Democrats and journalists are talking hopefully about the ultimately happy outcome in 1994, when that year's disastrous midterm election -- the GOP won both houses of Congress -- spurred Bill Clinton toward the center and a six-year second presidency now considered one of the most successful in recent memory. There's also 1936, when FDR was reelected in spite of the ravages of the Great Depression.
It's a long way to 2012, when we assume Barack Obama will seek reelection. Perhaps by then he'll have transformed himself into the new Roosevelt or Clinton. But I fear not -- and I mean fear, because I don't crave Republican rule. For months, he's evinced no joy about the job he won so effortlessly. Instead, he seems impatient and restive, as he has his whole adult life.
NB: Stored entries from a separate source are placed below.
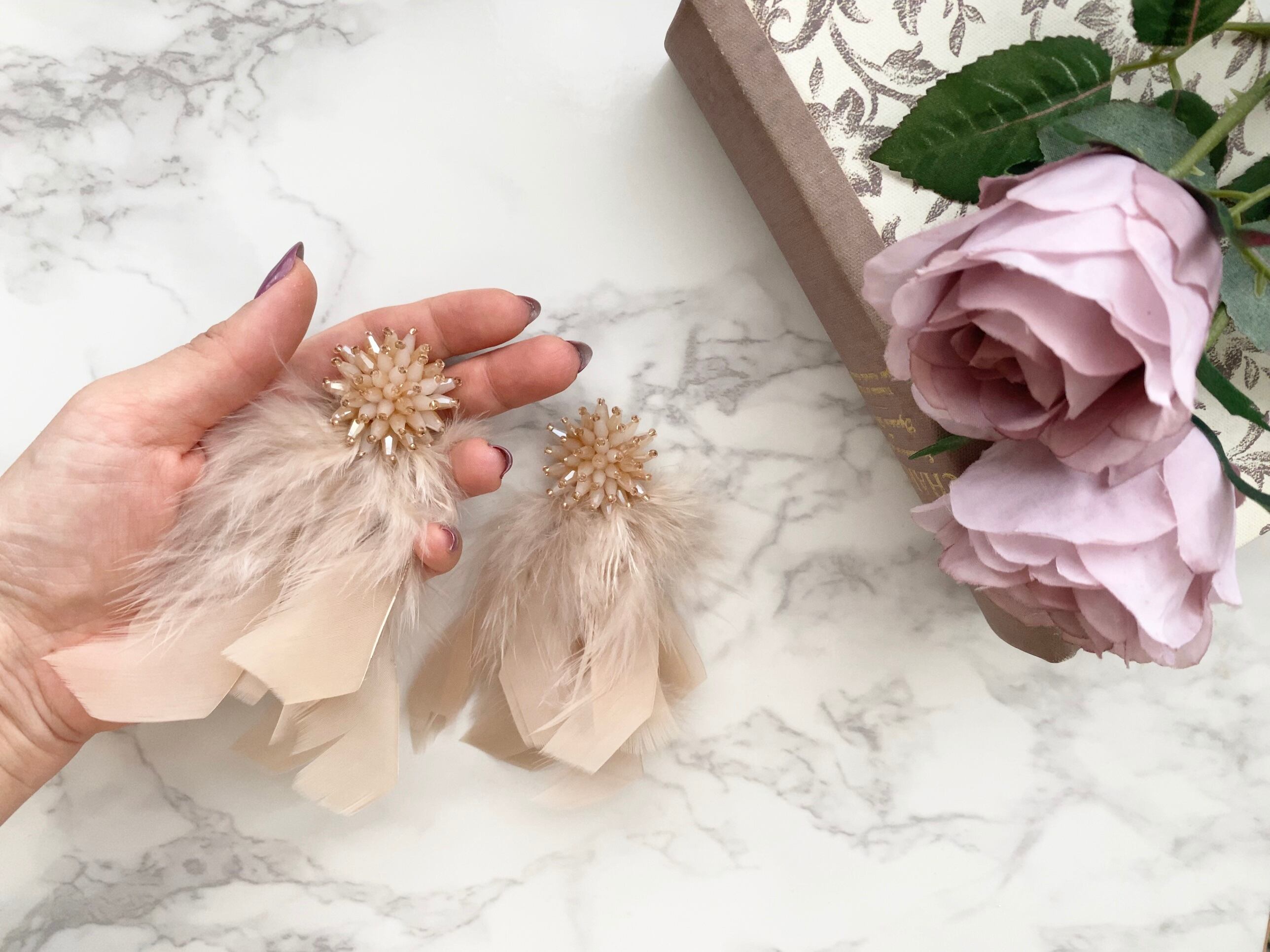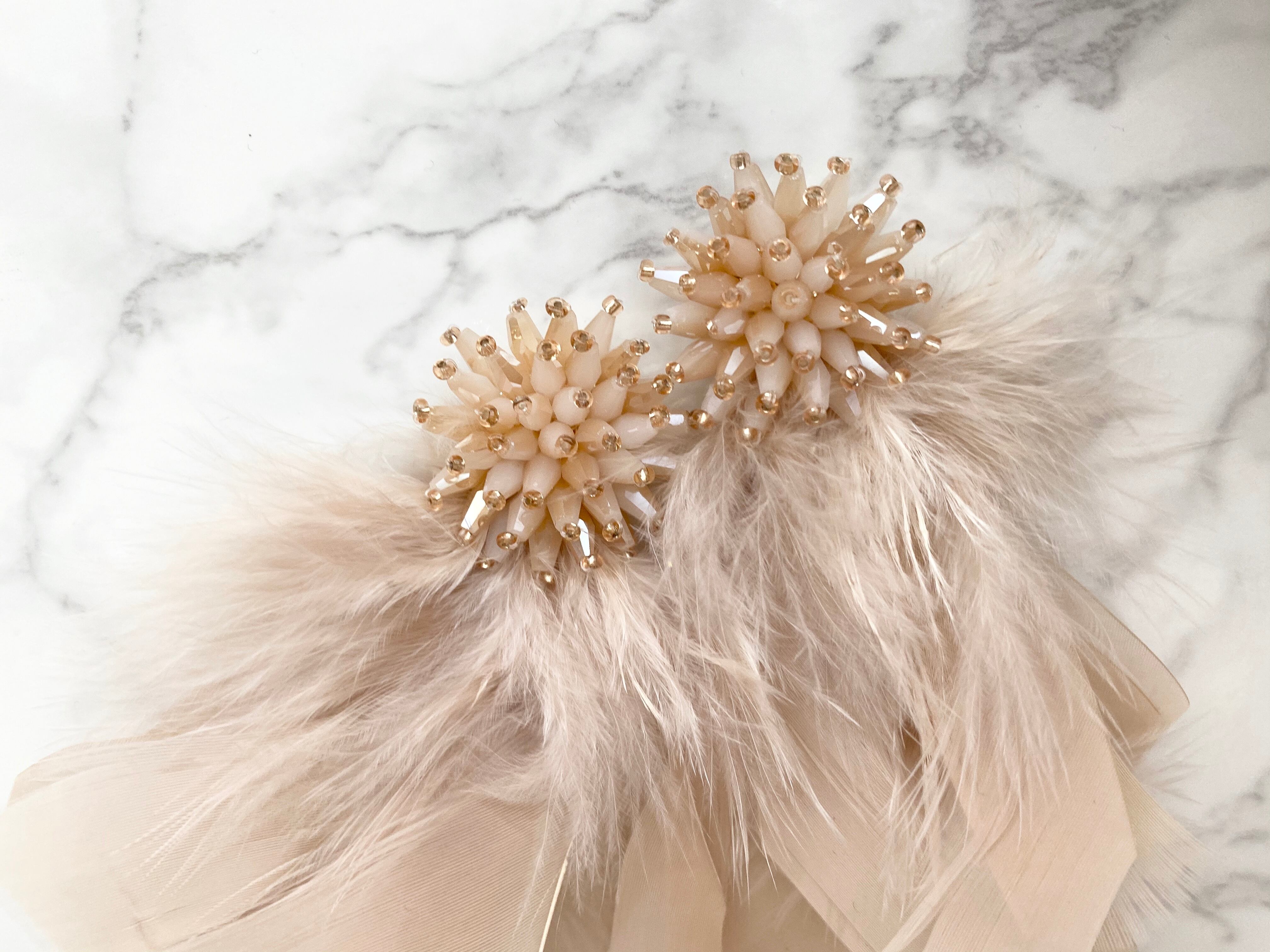 予約⭐︎【Plume】〔beige〕煌めくボリュームフェザー ピアス/イヤリング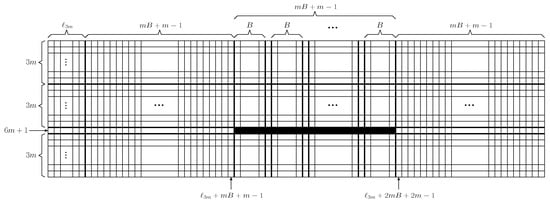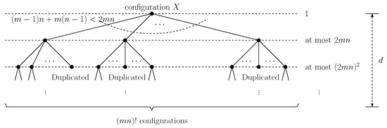 We now show the second statement. Let us consider first the case where is even. Note that . For a configuration in , let denote the set of configurations obtained from by executing one row or column operation (namely, can be obtained from by applying for and some integer k). Let . Since is at most , is at most (see Figure 5). Hence, as , holds. Since , it follows that . This completes the proof of the even case for the second statement.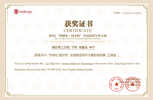 2.2021学年度"外研社•国才杯”全国英语写作大赛校级三等奖;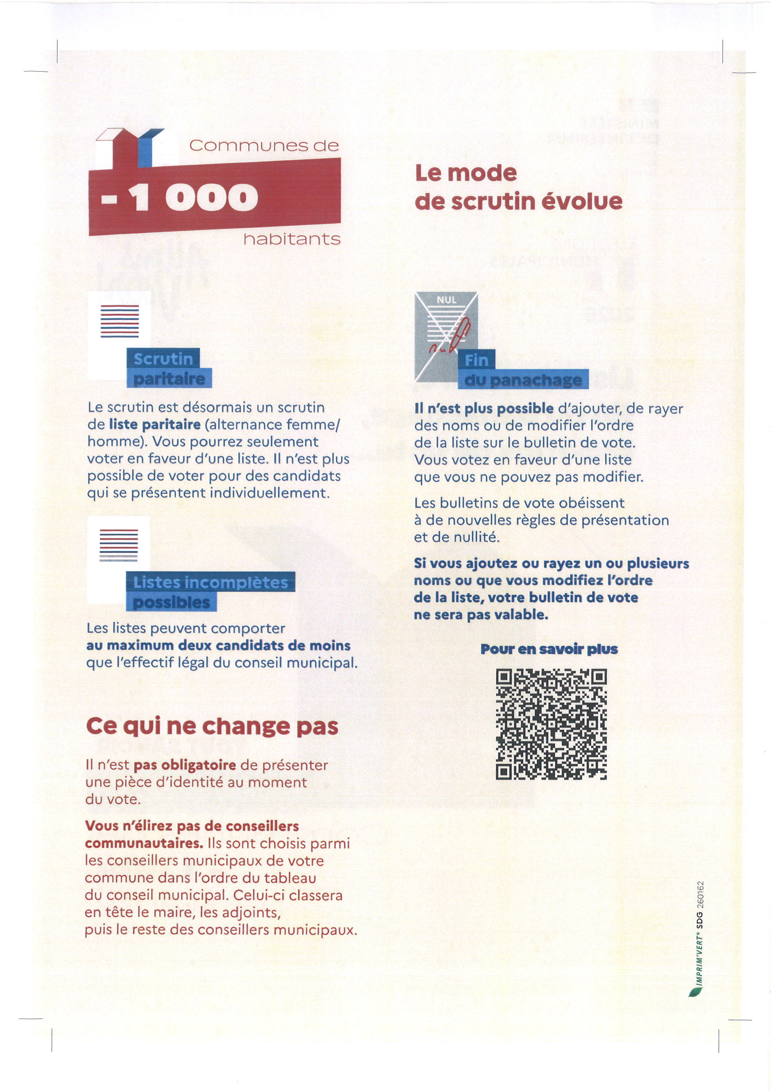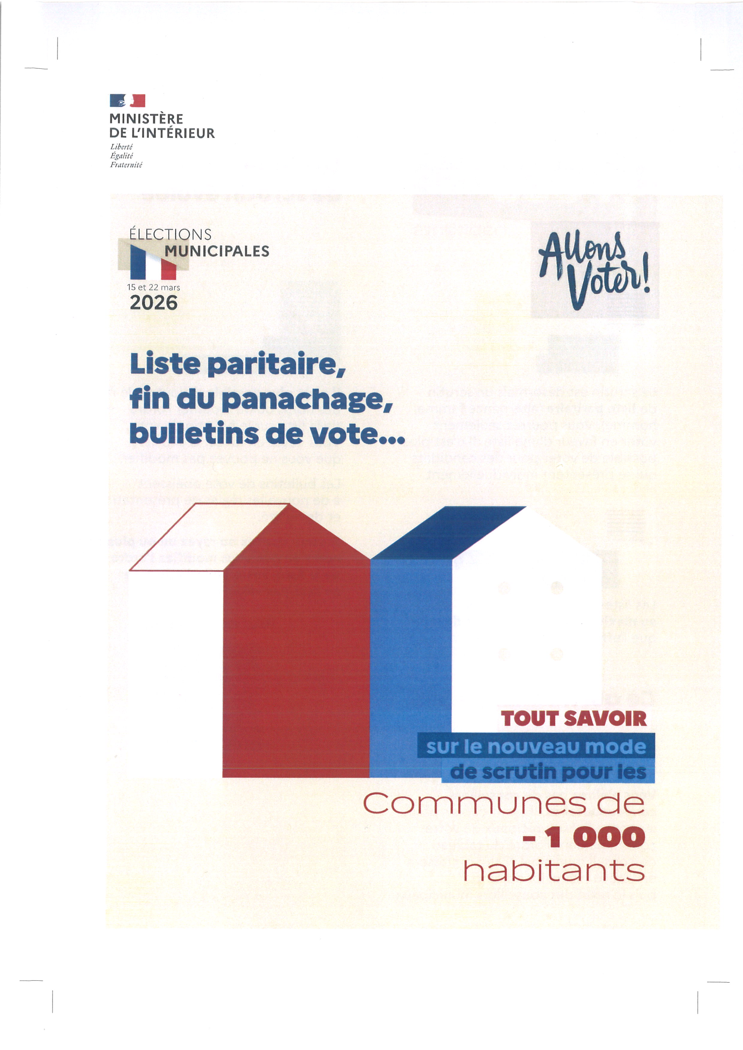 ELECTIONS MUNICIPALES DES 15 ET 22 MARS 2026 – Liste paritaire, fin du panachage
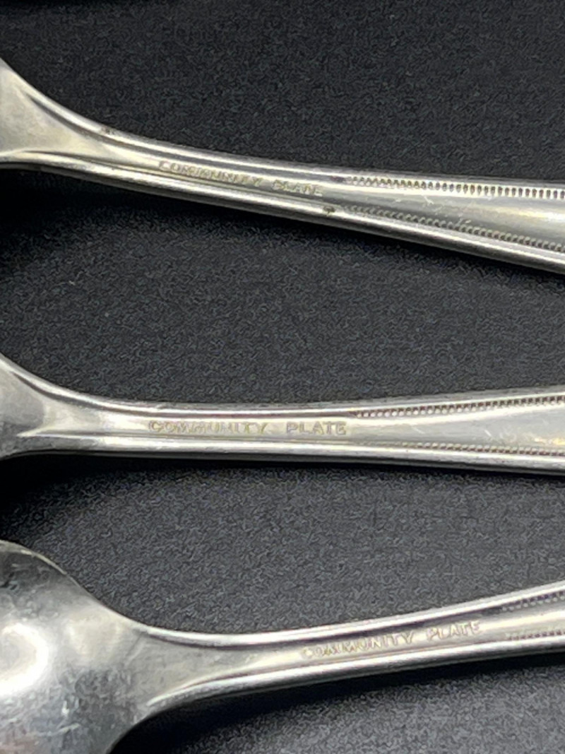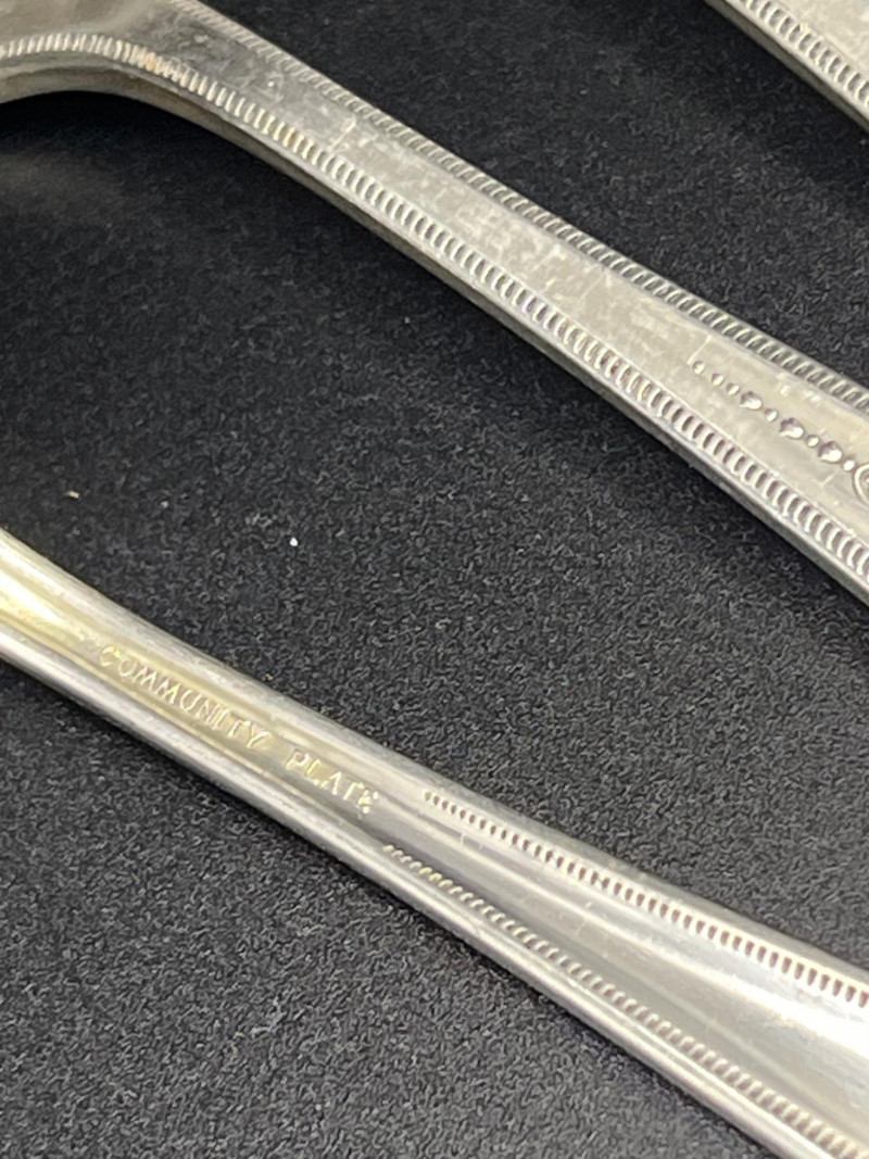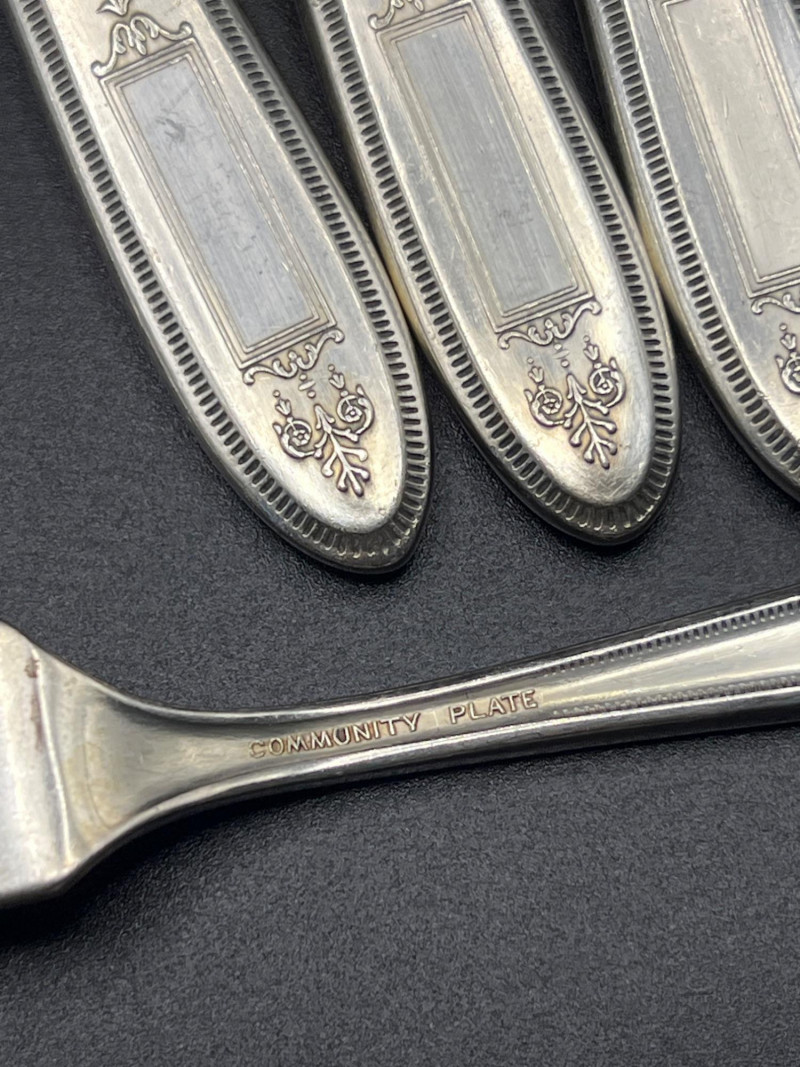 Assorted pieces of Oneida Community Plate silverplate flatware in the Grosvenor pattern, introduced in 1921. This pattern features an ornate Art Deco–influenced floral and scroll motif along the handles, a hallmark of Oneida’s early‑20th‑century craftsmanship. The lot includes a mix of forks, spoons, knives, and serving pieces, each with the original Community Plate hallmark. A lovely grouping for collectors of vintage silverplate, replacement pieces, or period‑style table settings.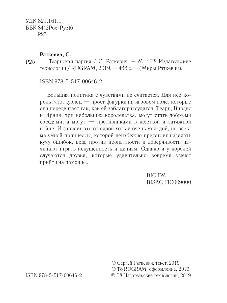 Большая политика с чувствами не считается. Для нее король, что, кузнец - прост фигурки на игровом поле, которые она передвигает так, как ей заблагорассудится. Теарн, Вирдис и Ирния, три небольших королевства, могут стать добрыми соседями, а могут - противниками в жёсткой и затяжной войне. И зависит это от одной хоть и очень молодой, но весьма умной принцессы, которой неизбежно предстоит наделать кучу ошибок, ведь против неопытности и доверчивости начинают играть искушённость и цинизм. Однако и у королей случаются друзья, которые удивительно вовремя умеют прийти на помощь...| Издательство | Т8 RUGRAM |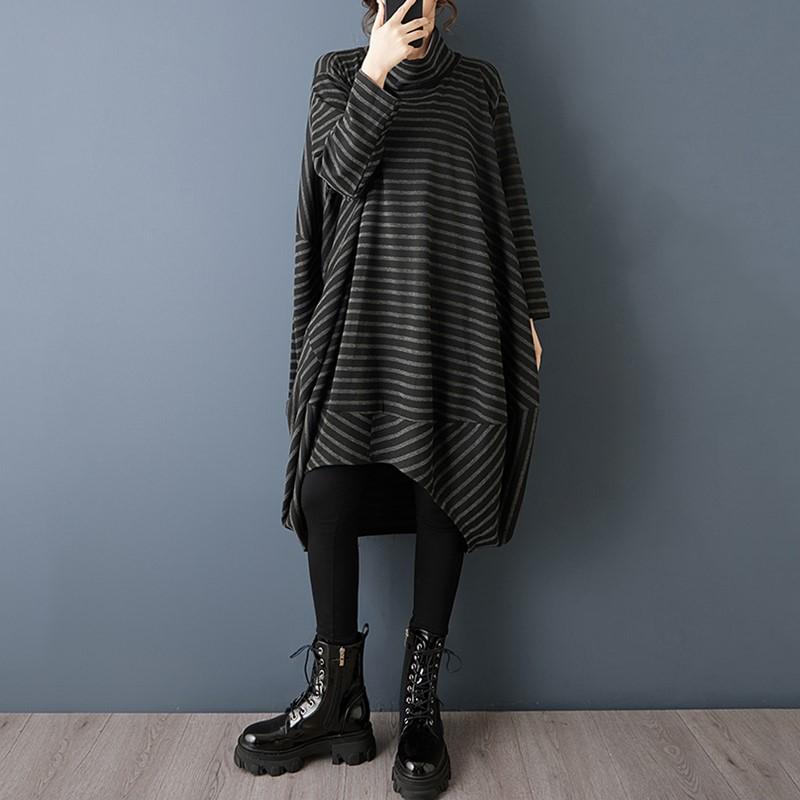 Long Sleeve Oversized Knitted Vintage Stripe New In Dresses for Women Casual Loose Spring Autumn Sweater Dress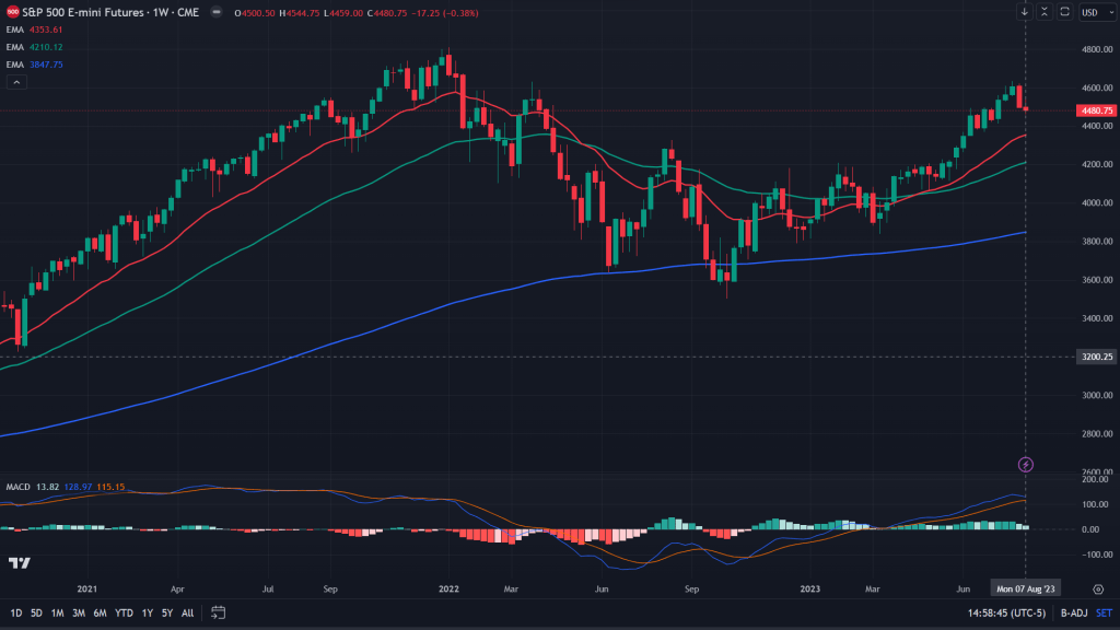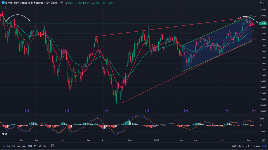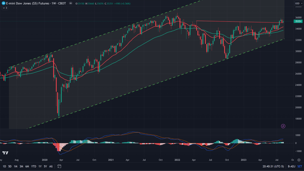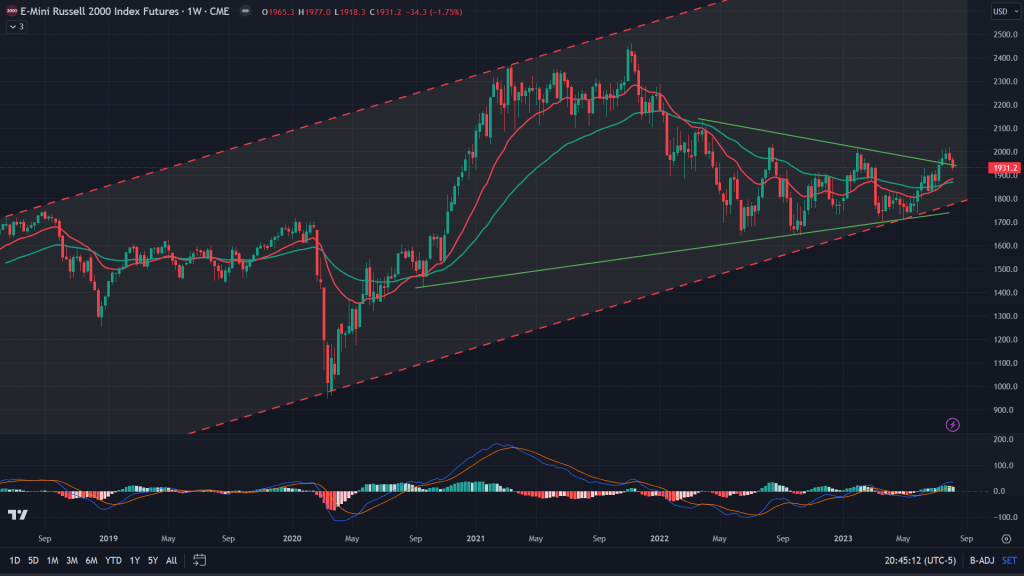 RTY (Weekly): RTY has just fallen under that trendline resistance that it broke out of in its journey up. Challenge for the bulls would be to hold on to 20EMA and cross past this trendline resistance again.

He seems like a leading candidate to be the new old Bush.
Obama's proud of what he takes to be world-changing initiatives such as health care reform, perhaps even a little smug about having had the vision to force them through. He still blames his predecessor for the lagging economy. And yet I wonder how different the world would be if he'd decided to spend his first two years on nothing but jobs and GDP growth. Instead of turning the architecture of the 2009 stimulus bill over to congressional leaders who cobbled it together out of every ward-heeling pet project members had been saving up for years, what if he he'd spent the same near-trillion on a coherent jobs, investment, and infrastructure package designed by the best and the brightest among a range of economic experts? Instead of spending a year on health care, what if he'd used every public appearance to promise his worried people that he wouldn't rest until every American who wanted to work was doing so?
Assuming today's obstructionist Republicans would even work with him on those kinds of policies, does he have the talent and heart for a log-rolling, back-scratching, Ronnie-loves-Tip presidency? That would take passion he hasn't demonstrated yet. The patrician Roosevelt learned to love his suffering people. After his '94 drubbing, Clinton learned to master and love the presidency. Remember when George H.W. Bush looked at his watch during one of the 1992 debates, a few months before Clinton beat him? I'm wondering if Obama isn't looking at his and saying to himself: I've got two more years of this?